Time series \(X_t\) usually have two or three components
Trend component \(T_t\)
Seasonal component \(S_t\)
Irregular or residual component \(e_t\)
A time series with seasonal component is called seasoned data (eg, sales per month). Some data series does not have a seasonal component (eg, a population mortality average).
R has a class time series named ts
:
my.data <- round( sin( (0:47 %% 12)+1 ) + runif(48) ,1) # some periodic data
# make a time series with 48 observations from January 2009 to December 2014
my.ts <- ts(my.data, start=c(2009, 1), end=c(2014, 12), frequency=12)
my.ts
## Jan Feb Mar Apr May Jun Jul Aug Sep Oct Nov Dec
## 2009 1.7 1.7 0.3 -0.8 -0.9 -0.2 1.2 1.8 1.4 0.1 -0.2 -0.4
## 2010 0.9 1.9 0.8 -0.6 -0.2 0.0 0.7 1.0 1.3 -0.2 -0.9 0.3
## 2011 1.7 1.5 0.7 0.2 -0.9 -0.1 1.4 1.7 0.7 -0.2 -0.3 -0.5
## 2012 1.0 1.1 1.1 0.1 -0.4 0.6 1.6 1.9 1.4 0.2 -0.6 -0.5
## 2013 1.7 1.7 0.3 -0.8 -0.9 -0.2 1.2 1.8 1.4 0.1 -0.2 -0.4
## 2014 0.9 1.9 0.8 -0.6 -0.2 0.0 0.7 1.0 1.3 -0.2 -0.9 0.3
plot(my.ts)
ts(my.data, end=c(2009,1), frequency=4) # ts is smart and go back in time if we just give the 'end' parameter
## Qtr1 Qtr2 Qtr3 Qtr4
## 1997 1.7 1.7 0.3
## 1998 -0.8 -0.9 -0.2 1.2
## 1999 1.8 1.4 0.1 -0.2
## 2000 -0.4 0.9 1.9 0.8
## 2001 -0.6 -0.2 0.0 0.7
## 2002 1.0 1.3 -0.2 -0.9
## 2003 0.3 1.7 1.5 0.7
## 2004 0.2 -0.9 -0.1 1.4
## 2005 1.7 0.7 -0.2 -0.3
## 2006 -0.5 1.0 1.1 1.1
## 2007 0.1 -0.4 0.6 1.6
## 2008 1.9 1.4 0.2 -0.6
## 2009 -0.5
window
makes a subset of a timeseries:
plot( window(my.ts, start=c(2014, 6), end=c(2014, 12)) )
Other operations:
time(my.ts) # creates the vector of times at which a time series was sampled.

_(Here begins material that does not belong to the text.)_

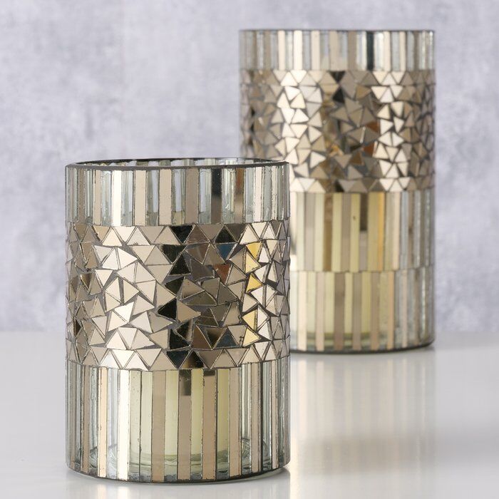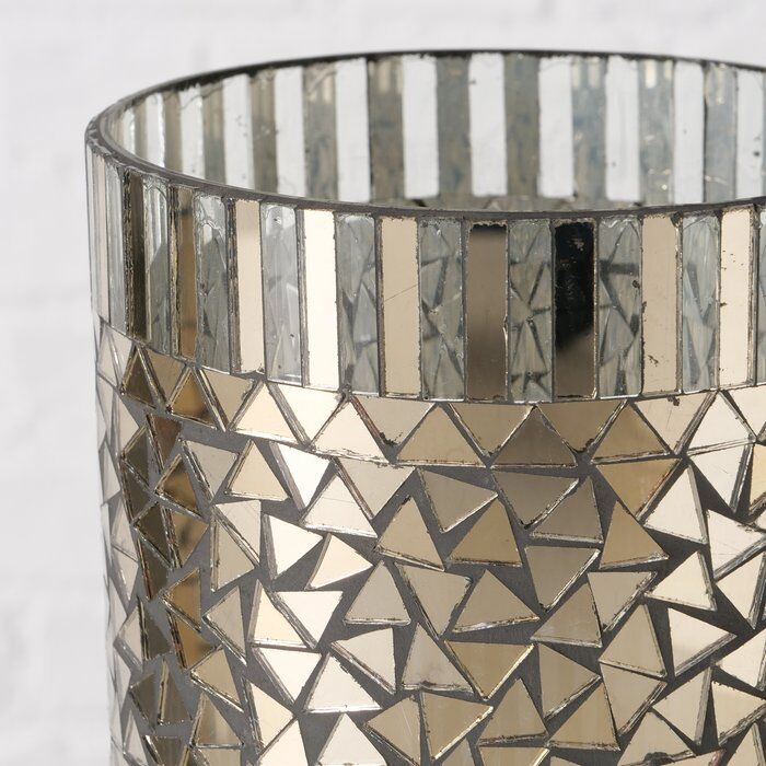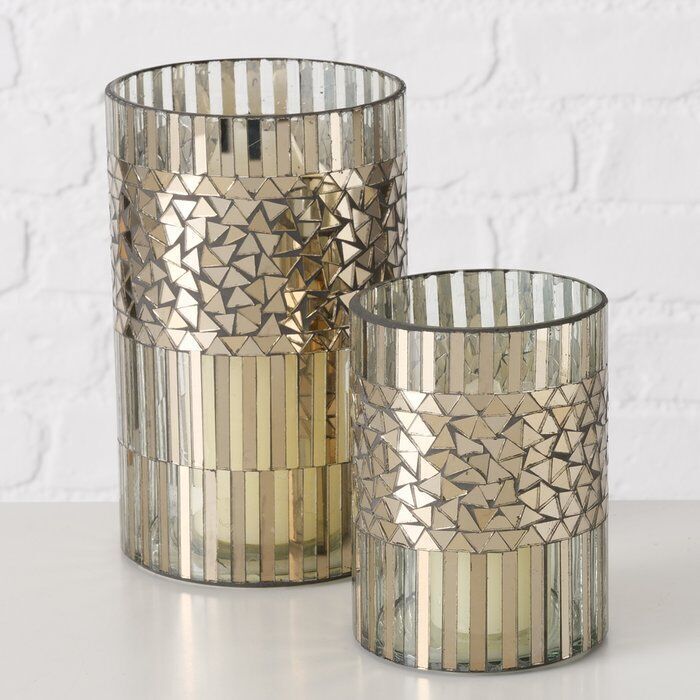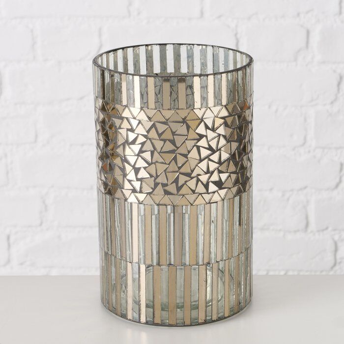Windlicht Sika besticht durch seine filigrane Mosaikoptik aus silbernen, glänzenden Mosaiksteinen. Durch das klare Glas kann das Licht der Kerze scheinen und die Umgebung in ein stimmungsvolles Licht tauchen. Windlicht Silka bieten Platz für kleine bis mittlere Stumpenkerzen oder auch Teelichter und wird in Handarbeit hergestellt.

## Jan Feb Mar Apr May Jun Jul Aug Sep Oct Nov Dec
## 2009 2009 2009 2009 2009 2009 2009 2010 2010 2010 2010 2010 2010
## 2010 2010 2010 2010 2010 2010 2010 2010 2011 2011 2011 2011 2011
## 2011 2011 2011 2011 2011 2011 2011 2012 2012 2012 2012 2012 2012
## 2012 2012 2012 2012 2012 2012 2012 2012 2013 2013 2013 2013 2013
## 2013 2013 2013 2013 2013 2013 2013 2014 2014 2014 2014 2014 2014
## 2014 2014 2014 2014 2014 2014 2014 2014 2015 2015 2015 2015 2015
cycle(my.ts) # gives the positions in the cycle of each observation.

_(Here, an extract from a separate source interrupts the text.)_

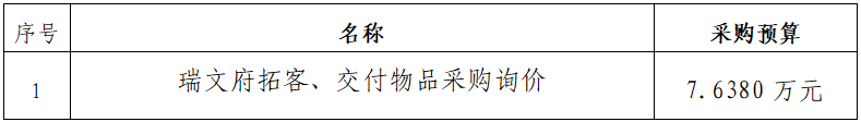 一、采購項目名稱:瑞文府拓客、交付物品采購詢價項目

## Jan Feb Mar Apr May Jun Jul Aug Sep Oct Nov Dec
## 2009 1 2 3 4 5 6 7 8 9 10 11 12
## 2010 1 2 3 4 5 6 7 8 9 10 11 12
## 2011 1 2 3 4 5 6 7 8 9 10 11 12
## 2012 1 2 3 4 5 6 7 8 9 10 11 12
## 2013 1 2 3 4 5 6 7 8 9 10 11 12
## 2014 1 2 3 4 5 6 7 8 9 10 11 12
ts1 <- lag(my.ts, k=12) # lagged version of time series, shifted back k observations
plot(my.ts, , lwd=2, main="comparisation with next year")

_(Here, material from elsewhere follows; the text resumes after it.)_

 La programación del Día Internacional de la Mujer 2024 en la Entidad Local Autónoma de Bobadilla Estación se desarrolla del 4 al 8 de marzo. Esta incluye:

points(ts1, type="l", col="red")
ds <- diff(my.ts, d=1) # difference vector the time series, d times
plot( ds )
tui <- read.csv("tui.csv", header=T, dec=",", sep=";")
head(tui)
## date open high low close volume
## 1 20020514 29.01 29.29 28.70 29.00 422606
## 2 20020513 28.81 29.15 28.71 28.93 265548
## 3 20020510 29.30 29.49 28.38 28.69 497579
## 4 20020509 29.26 29.78 28.82 29.01 342824
## 5 20020508 28.50 29.80 28.41 29.70 559890
## 6 20020507 29.50 29.65 27.85 28.21 716809
plot(tui[,5], type="l",lwd=2, col="red", xlab="time", ylab="closing values", main="Stock data of TUI AG", ylim=c(0,60) )
hist(diff(tui[,5]),prob=T,ylim=c(0,0.65),xlim=c(-4.5,4.5),col="grey", breaks=20, main=" histogram of the differences")
lines(density(diff(tui[,5])),lwd=2)
points(seq(-4.5,4.5,len=100),dnorm(seq(-4.5,4.5,len=100), mean(diff(tui[,5])), sd(diff(tui[,5]))), col="red", type="l",lwd=2)
The Kolgomorov-Smirnoff test checks is a sample – in this case the differences between consecutive values of the time series – follows a specific distribution:
ds <- diff(log(tui[,5]))
ks.test(ds, "pnorm", mean(ds), sd(ds)) # it seems so
## Warning: ties should not be present for the Kolmogorov-Smirnov test
##
## One-sample Kolmogorov-Smirnov test
##
## data: ds
## D = 0.098, p-value = 2.487e-05
## alternative hypothesis: two-sided
qqnorm(diff(tui[,5])); abline(0,1,col="red") # another normality test, this time visual
shapiro.test(ds) # test for normality (should fail for ds with p-value >= 0.05)
##
## Shapiro-Wilk normality test
##
## data: ds
## W = 0.8096, p-value < 2.2e-16
A common method to extract the trend component \(T_t\) from time series \(X_t\) is to apply filters, \[T_t = \sum_{i=-\infty}^{+\infty} \lambda_iX_{t+i}\]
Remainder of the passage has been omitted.